Form Comes
For Ron Adams form comes through the careful interplay of colour, geometry and text. His paintings are explorations of these elemental parts and their convergence shapes his idiosyncratic visual language. Adams has developed this language over many years and through conversations with him, it is evident that he thoughtfully selects his colours, shapes and words with specific subjective intentions, because like many of us, he makes art as a way of trying to process and understand the world around him. Like a filter, Adams distills the clutter, the noise of our contemporary world through a process of breaking down his chosen forms. He reconstructs common universal symbols with a positive chromatic intensity. He takes a word and gives it pictorial status. He lifts cartoon characters embedded within our collective pop culture memories and reminds us of their sweet simple symmetry.

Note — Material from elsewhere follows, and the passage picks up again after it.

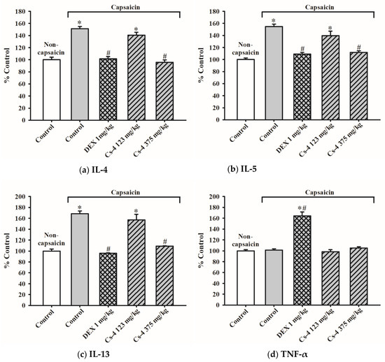 Figure 10 shows the effects of Cs-4 on various cytokine levels in the lung tissue of capsaicin-challenged rats. The capsaicin challenge caused increases in IL-4 (51%), IL-5 (55%), and IL-13 (68%) in rat lung tissues when compared with the unchallenged controls. No detectable changes in the tumor necrosis factor (TNF)-α and interferon (IFN)-γ were observed. The DEX treatment (1 mg/kg) completely suppressed capsaicin-induced increases in IL-4, IL-5, and IL-13 levels in rat lung tissues and significantly increased the levels of TNF-α (64%) and IFN-γ (34%), when compared with both the unchallenged control and the challenged/untreated controls. The Cs-4 treatment almost completely suppressed the capsaicin-induced increases in IL-4, IL-5, and IL-13 levels in rat lung tissues at a dose of 375 mg/kg.

The title of the exhibition, Under Heavy Manners, speaks volumes about both Adams and his work. For him, manners and etiquette are important; several of the works in the show speak of the currency of friendship and the ways in which we all relate. Any colour you are (five points), is a painting that explores what Josef Albers referred to as the relativity of colour and shows what happens between colours when they relate or interact. Adams describes the painting as an anti-xenophobic-world flag for all.* In this sense, his painterly explorations into colour relativity also point outward, toward the social, as the title suggests, to inter-personal relations. AGOG, the golden text that runs along the bottom of the painting suggests that Adams is hopeful and keen, in his own way, to keep the dream for world peace alive and as a friend of the artist, this warms my heart because Adams really is full of love.